Кто-то стукнул костяшками пальцев по стеклу. Женька подбежала, распахнула раму и перевесилась наружу. Сразу обожгло по-зимнему холодным воздухом, хотя солнце уже взошло. Коляй стоял под окном прямо на клумбе и выковыривал носком ботинка чахлое растеньице, которое пыталось несмотря ни на что жить.
– Долго спишь, соседка! – Коляй, передернув плечами, подбросил рюкзак на спине.
– А где твой... как его... Рем?
– Рем на берегу будет ждать, у лодки.
Женька выбросила в окно рюкзак и следом выпрыгнула сама. Да так неуклюже, что упала и больно стукнулась коленкой. Коляй презрительно фыркнул и сунул в рот ком хлебной жвачки.

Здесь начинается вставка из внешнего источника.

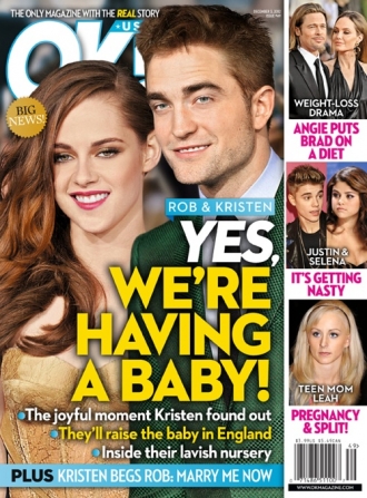 Robert Pattinson e Kristen Stewart, os protagonistas da saga “Crepúsculo”, estão esperando seu primeiro filho, segundo a revista americana “Ok”. Kristen Stewart e Robert Pattinson passaram três meses separados após a atriz ser flagrada traindo Pattinson com o diretor Rupert Sanders. O casal retomou o relacionamento recentemente e tem viajado pelo mundo para divulgar último filme da saga “Crepúsculo”, “Amanhecer – Parte 2”.

В защитных очках-консервах и надвинутой на брови кепке он напоминал бандита из старого фильма.
– Фляги взяла? – спросил он, гримасничая в попытке выковырять жвачку из зубов.
– Целых три.
– А воду?
– Стакан будет.
– Мало для приманки, - заметил Коляй.
– Рем пусть воду тащит, а у меня больше нет.
– Рем ружье принесет.
– А я топор несу, – огрызнулась Женька. – Вода между прочим – моя законная доля. И нечего на нее зариться, как будто ты имеешь права жить больше, чем я.
– Разумеется имею, – самодовольно хмыкнул Коляй. – Выживут сильные, остальные сдохнут.
Они шли прямиком через огороды. Мелкий чахлый кустарник прорастал там и здесь. Кое-где еще пытались сажать на неровных горбатых грядках. Повсюду стояли водосборы из ржавого железа. Но с неба падал лишь отравленный дождь, и все умирало, покрытое, как саваном, помутневшей от яркого солнца пленкой. Следом за ребятами брел старик в телогрейке с ведром в руках, а за стариком, подпрыгивая на трех ногах, плелась собака. Пес почти совсем облинял, лишь на морде и хвосте уцелело немного белой шерсти, голая розовая кожа покрылась темными пятнами и язвами. Старик остановился возле бетонного, почти полностью ушедшего в землю колодца, зачерпнул ведро, долго принюхивался к содержимому, а затем выплеснул на землю густую черную жидкость, мало напоминающую воду. Пес поджал хвост и отошел с виноватым видом. А старик, позвякивая ведром, поплелся дальше, к следующему колодцу.
– Дурак! – хмыкнул Колька. – Думает, если надыбает воду, она ему и достанется. Как же! Первыми мафиози прибегут, вторым – "Водпром". И пожалуйте – охрана, собаки, трехметровые заборы, а ты можешь свои талоны себе на задницу наклеивать.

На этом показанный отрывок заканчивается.